Exercise details:
Take from the entries below the stretch from the line with "7.选中最新固件选项【Firmware21.0.1】,按 A 确定" through the line with "Son bir hafta", and return it exactly, leaving the pictures out.

Information:
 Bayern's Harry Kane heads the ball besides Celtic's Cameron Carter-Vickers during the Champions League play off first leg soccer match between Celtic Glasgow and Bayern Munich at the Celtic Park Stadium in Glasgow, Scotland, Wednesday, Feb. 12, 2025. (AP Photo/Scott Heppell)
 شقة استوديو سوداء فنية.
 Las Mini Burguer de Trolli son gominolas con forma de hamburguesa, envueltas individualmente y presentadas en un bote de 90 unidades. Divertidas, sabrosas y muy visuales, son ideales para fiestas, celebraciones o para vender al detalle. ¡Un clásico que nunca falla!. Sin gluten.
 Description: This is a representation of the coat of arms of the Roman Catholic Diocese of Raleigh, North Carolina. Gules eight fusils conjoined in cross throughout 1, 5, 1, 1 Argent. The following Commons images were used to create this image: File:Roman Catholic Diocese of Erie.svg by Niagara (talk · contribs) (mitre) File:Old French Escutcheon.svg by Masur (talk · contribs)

...

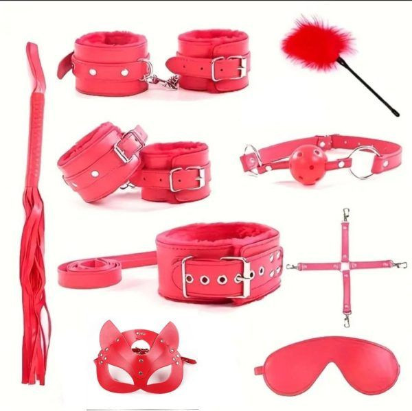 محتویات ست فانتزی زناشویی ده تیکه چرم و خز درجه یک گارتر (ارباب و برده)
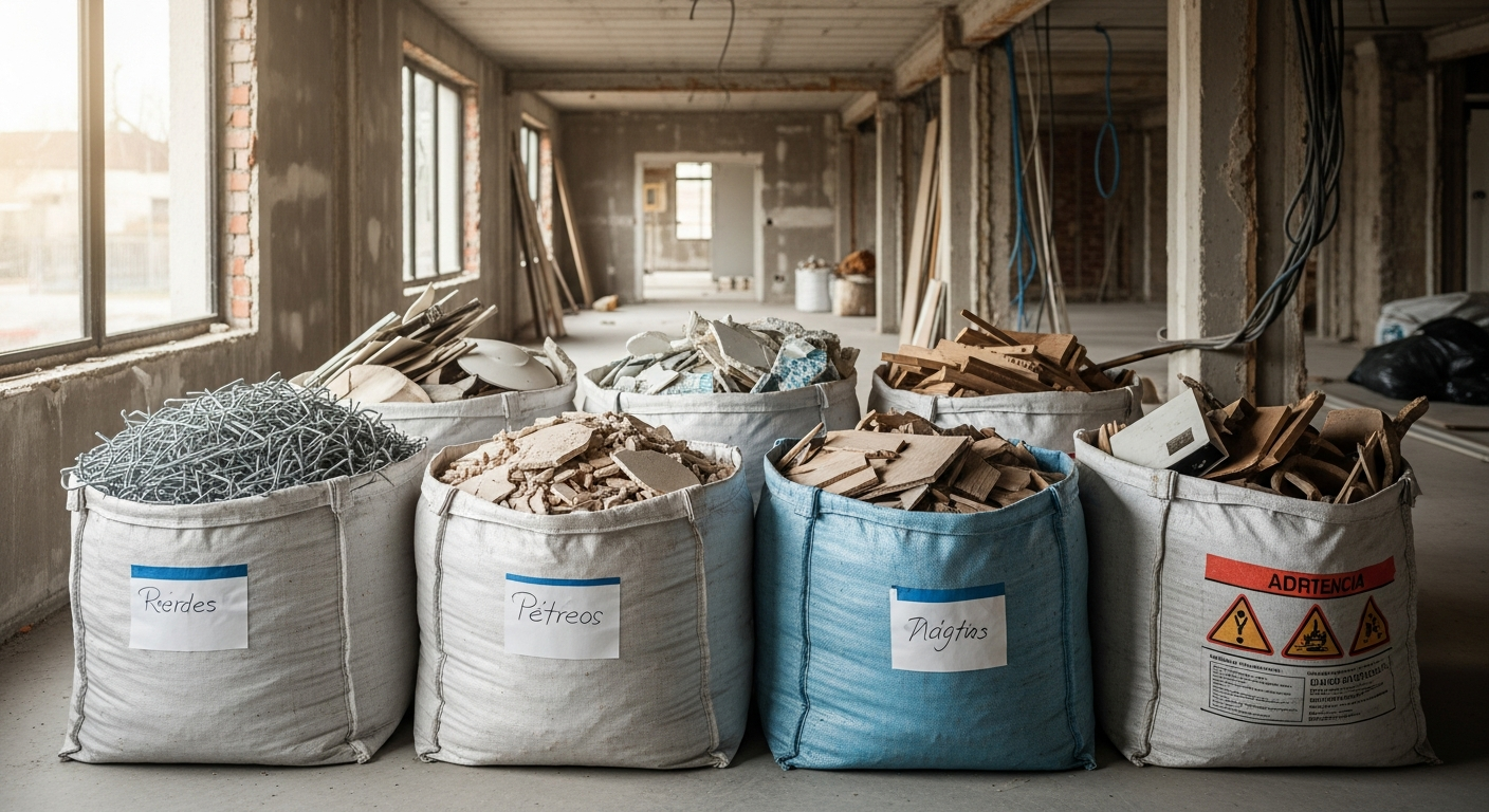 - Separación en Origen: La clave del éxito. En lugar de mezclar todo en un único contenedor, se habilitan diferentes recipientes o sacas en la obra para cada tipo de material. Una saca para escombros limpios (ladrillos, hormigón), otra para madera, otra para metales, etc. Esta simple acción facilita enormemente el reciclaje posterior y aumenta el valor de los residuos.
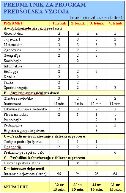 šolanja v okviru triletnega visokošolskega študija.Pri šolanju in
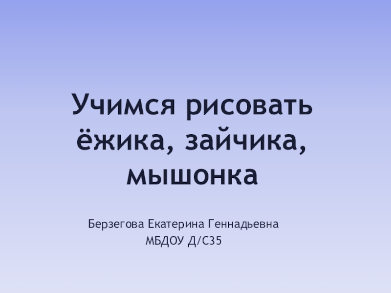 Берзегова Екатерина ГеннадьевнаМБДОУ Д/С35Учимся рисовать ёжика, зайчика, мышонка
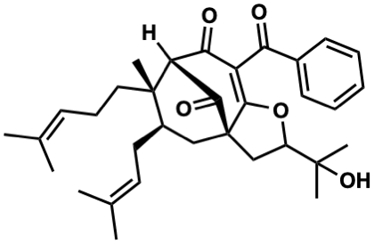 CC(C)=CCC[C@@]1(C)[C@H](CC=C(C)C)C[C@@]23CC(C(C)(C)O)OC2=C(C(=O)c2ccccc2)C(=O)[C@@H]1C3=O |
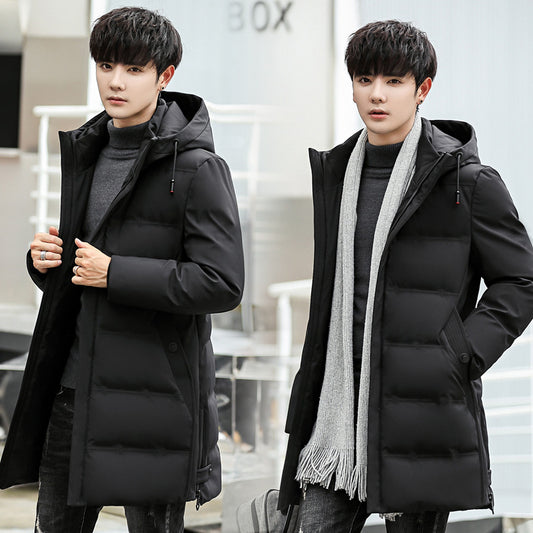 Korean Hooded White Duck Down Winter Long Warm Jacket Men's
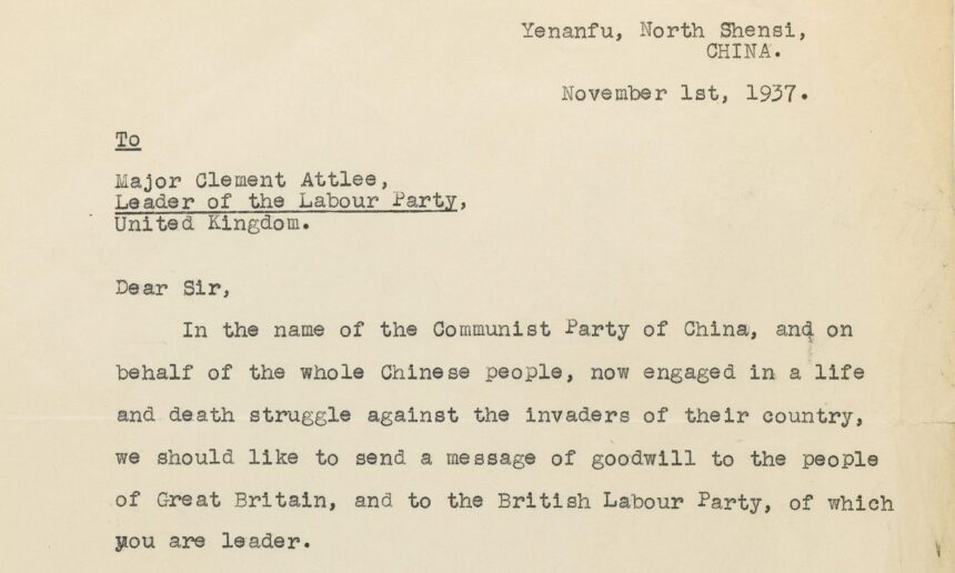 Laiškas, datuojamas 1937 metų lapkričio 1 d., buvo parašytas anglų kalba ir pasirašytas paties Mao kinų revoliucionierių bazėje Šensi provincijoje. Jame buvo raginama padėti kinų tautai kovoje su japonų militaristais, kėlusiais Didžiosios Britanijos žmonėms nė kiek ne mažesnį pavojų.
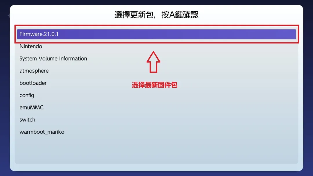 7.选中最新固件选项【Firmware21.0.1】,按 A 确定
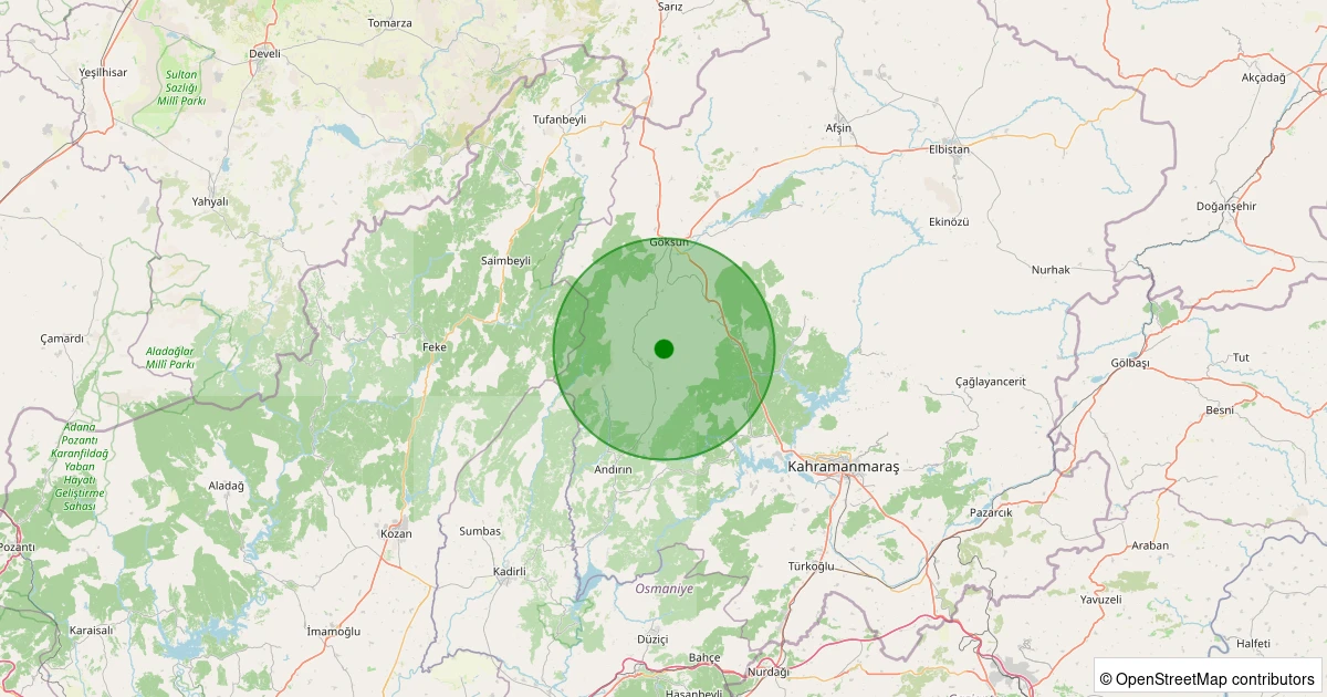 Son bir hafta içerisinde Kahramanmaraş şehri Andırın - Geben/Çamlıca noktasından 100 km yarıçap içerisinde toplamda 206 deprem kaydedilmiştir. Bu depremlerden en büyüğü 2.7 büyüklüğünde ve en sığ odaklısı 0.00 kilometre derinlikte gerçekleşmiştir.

==

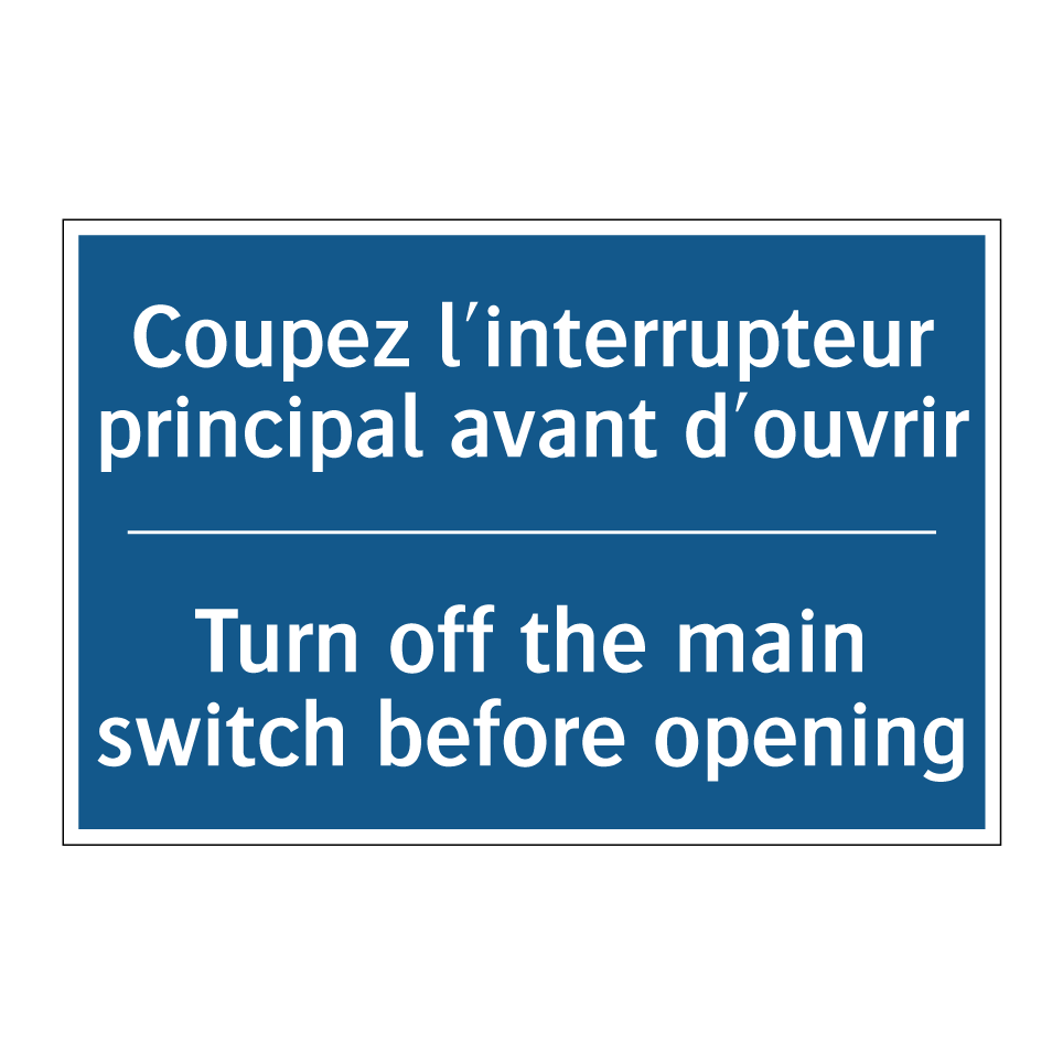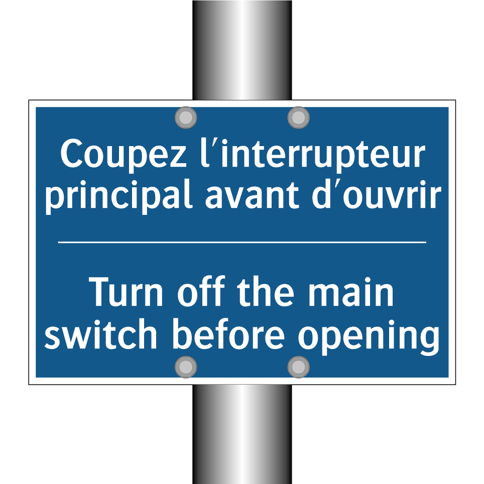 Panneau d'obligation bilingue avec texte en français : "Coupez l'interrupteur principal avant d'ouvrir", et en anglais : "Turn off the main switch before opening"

Exercise answer:
 7.选中最新固件选项【Firmware21.0.1】,按 A 确定
 Son bir hafta içerisinde Kahramanmaraş şehri Andırın - Geben/Çamlıca noktasından 100 km yarıçap içerisinde toplamda 206 deprem kaydedilmiştir. Bu depremlerden en büyüğü 2.7 büyüklüğünde ve en sığ odaklısı 0.00 kilometre derinlikte gerçekleşmiştir.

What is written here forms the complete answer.